Cortex uses Docker containers for running vLLM and llama.cpp inference engines. These containers include CUDA libraries that require compatible NVIDIA drivers on the host system.

Common Issues Without Updated Drivers¶

Container Startup Failures: Containers fail to start with errors like:

nvidia-container-cli: requirement error: unsatisfied condition: cuda>=12.9

GPU Access Denied: Containers cannot access GPUs even though they're available
Performance Degradation: Older drivers may not support newer CUDA features used by vLLM/llama.cpp
Compatibility Issues: vLLM and llama.cpp Docker images are built with specific CUDA versions that require matching driver versions

Understanding CUDA and Driver Compatibility¶

How It Works¶

CUDA Version in Container: vLLM/llama.cpp Docker images are built with specific CUDA versions (e.g., CUDA 12.9)
Host Driver Requirement: The host NVIDIA driver must support the CUDA version used in the container
Backward Compatibility: Newer drivers support older CUDA versions, but older drivers cannot support newer CUDA versions

Current Requirements¶

For CUDA 12.9+ (used by latest vLLM/llama.cpp images): - Linux: NVIDIA driver 575.51.03 or newer - Windows: NVIDIA driver 576.02 or newer

For CUDA 12.8: - Linux: NVIDIA driver 525.60.13 or newer - Windows: NVIDIA driver 528.33 or newer

Note: Always check the specific CUDA version required by your vLLM/llama.cpp Docker images. Newer images may require CUDA 12.9+, while older images may work with CUDA 12.8.
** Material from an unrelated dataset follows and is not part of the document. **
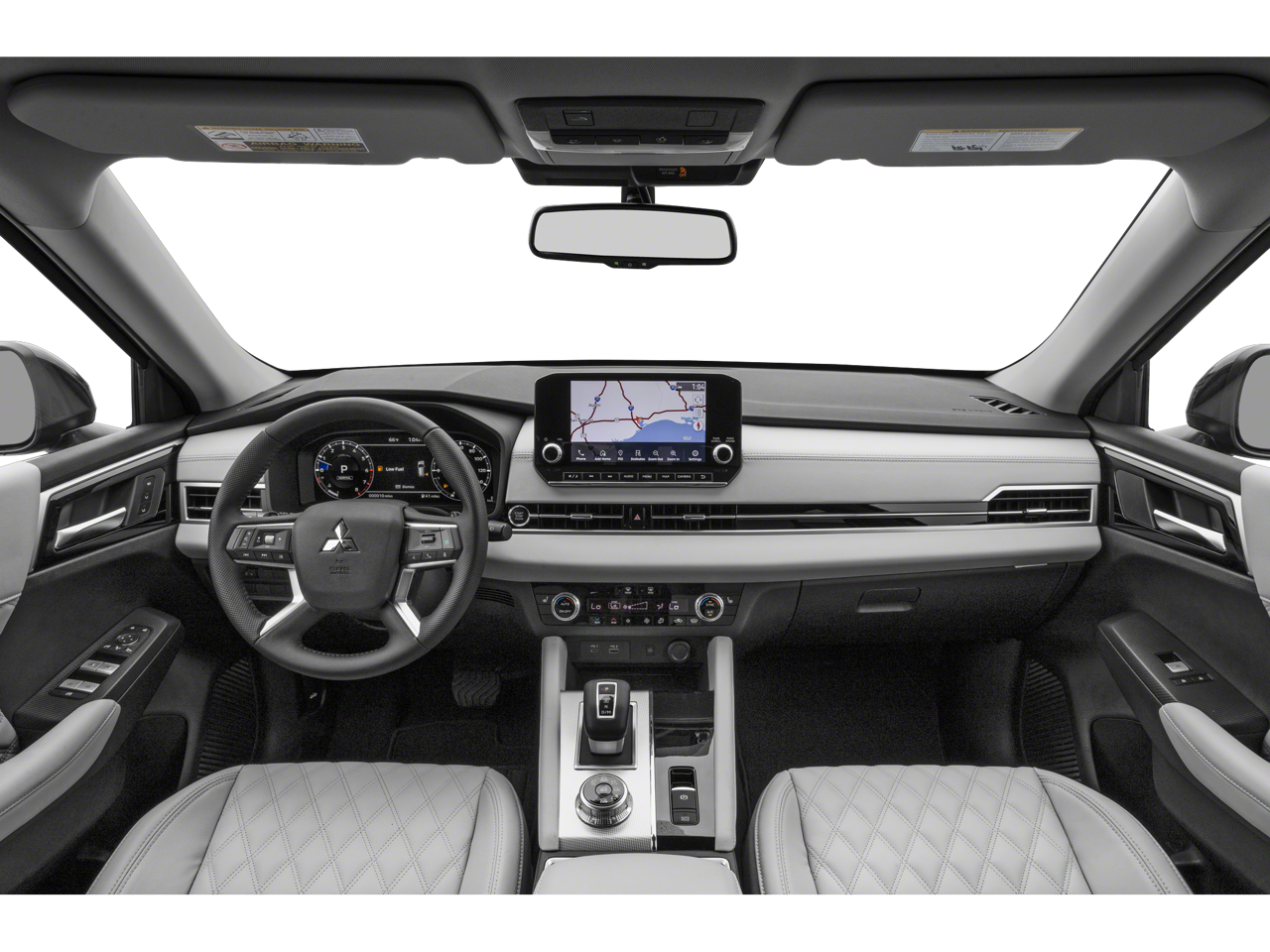 This vehicle comes equipped with : 3rd row seats: split-bench, 4-Wheel Disc Brakes, 6 Speakers, ABS brakes, Air Conditioning, Alloy wheels, AM/FM radio: SiriusXM, Android Auto & Apple CarPlay, Auto High-beam Headlights, Auto-dimming Rear-View mirror, Automatic temperature control, Axle Ratio: 5.694, Brake assist, Bumpers: body-color, Driver door bin, Driver vanity mirror, Dual front impact airbags, Dual front side impact airbags, Electronic Stability Control, Emergency communication system: Mitsubishi Connect w/ 24-month trial, Four wheel independent suspension, Front anti-roll bar, Front Bucket Seats, Front Center Armrest w/Storage, Front dual zone A/C, Front fog lights, Front reading lights, Fully automatic headlights, Heated door mirrors, Heated Front Bucket Seats, Heated front seats, Illuminated entry, Knee airbag, Leather Seat Trim, Leather Shift Knob, Leather steering wheel, Low tire pressure warning, Memory seat, Navigation system: Powered by TOMTOM, Occupant sensing airbag, Outside temperature display, Overhead airbag, Overhead console, Panic alarm, Passenger door bin, Passenger vanity mirror, Power door mirrors, Power driver seat, Power Liftgate, Power passenger seat, Power steering, Power windows, Radio data system, Radio: AM/FM 9.0" Navigation w/Smartphone Link, Rain sensing wipers, Rear air conditioning, Rear anti-roll bar, Rear seat center armrest, Rear side impact airbag, Rear window defroster, Rear window wiper, Reclining 3rd row seat, Remote keyless entry, Roof rack: rails only, Security system, Speed control, Speed-Sensitive Wipers, Split folding rear seat, Spoiler, Steering wheel mounted audio controls, Tachometer, Telescoping steering wheel, Tilt steering wheel, Traction control, Trip computer, Turn signal indicator mirrors, Variably intermittent wipers, and Wheels: 20" x 8J Two-Tone Alloy.
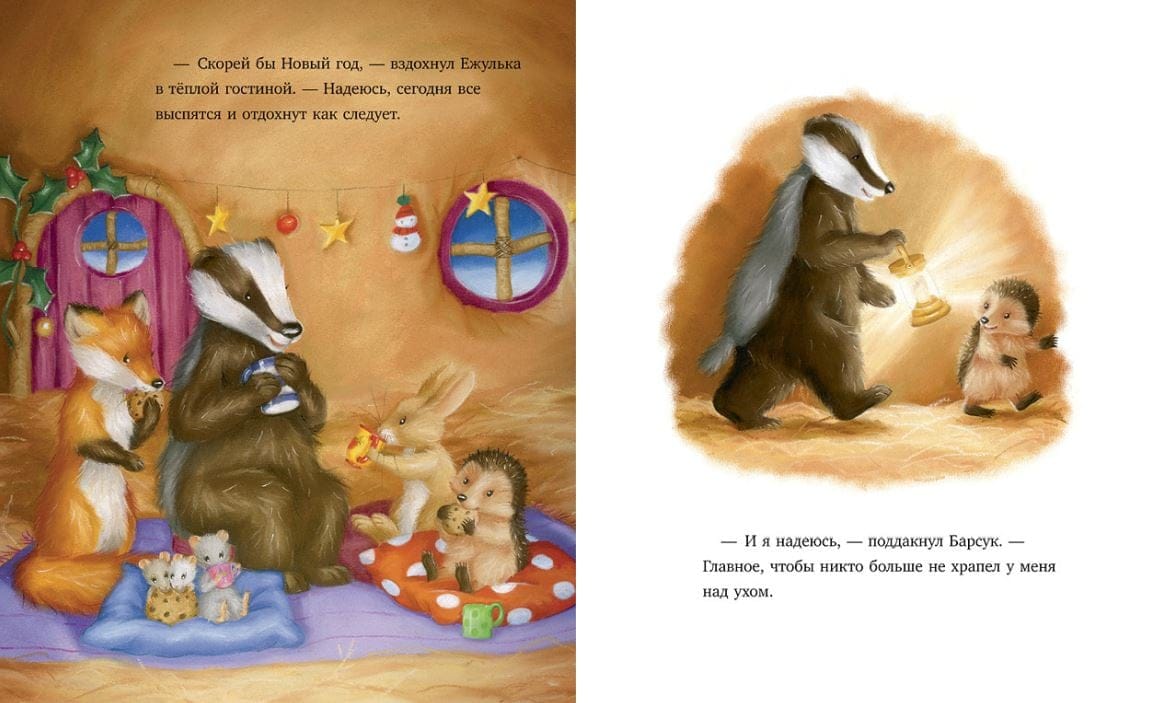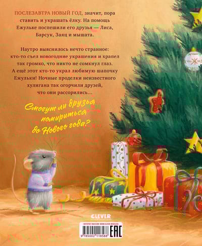 Послезавтра наступит Новый год, значит, пора ставить и украшать елку. На помощь Ежульке поспешили его друзья — Лиса, Барсук, Заяц и мышата. Наутро выяснилось нечто странное: кто‑то съел новогодние украшения и храпел так громко, что друзья не сомкнули глаз. А еще этот кто‑то украл любимую красную шапочку Ежульки! Ночные проделки неизвестного хулигана так огорчили друзей, что они рассорились. Успеют ли друзья помириться до Нового года?

Checking Your Current Driver Version¶

On Linux¶

# Check driver version
nvidia-smi

# Or get just the version number
nvidia-smi --query-gpu=driver_version --format=csv,noheader

# Check maximum CUDA version supported
nvidia-smi --query-gpu=cuda_version --format=csv,noheader

Understanding the Output¶

Driver Version: The installed NVIDIA driver version (e.g., 570.195.03)
CUDA Version: The maximum CUDA version your driver supports (e.g., 12.8)

If your driver supports CUDA 12.8 but the container requires CUDA 12.9+, you need to update.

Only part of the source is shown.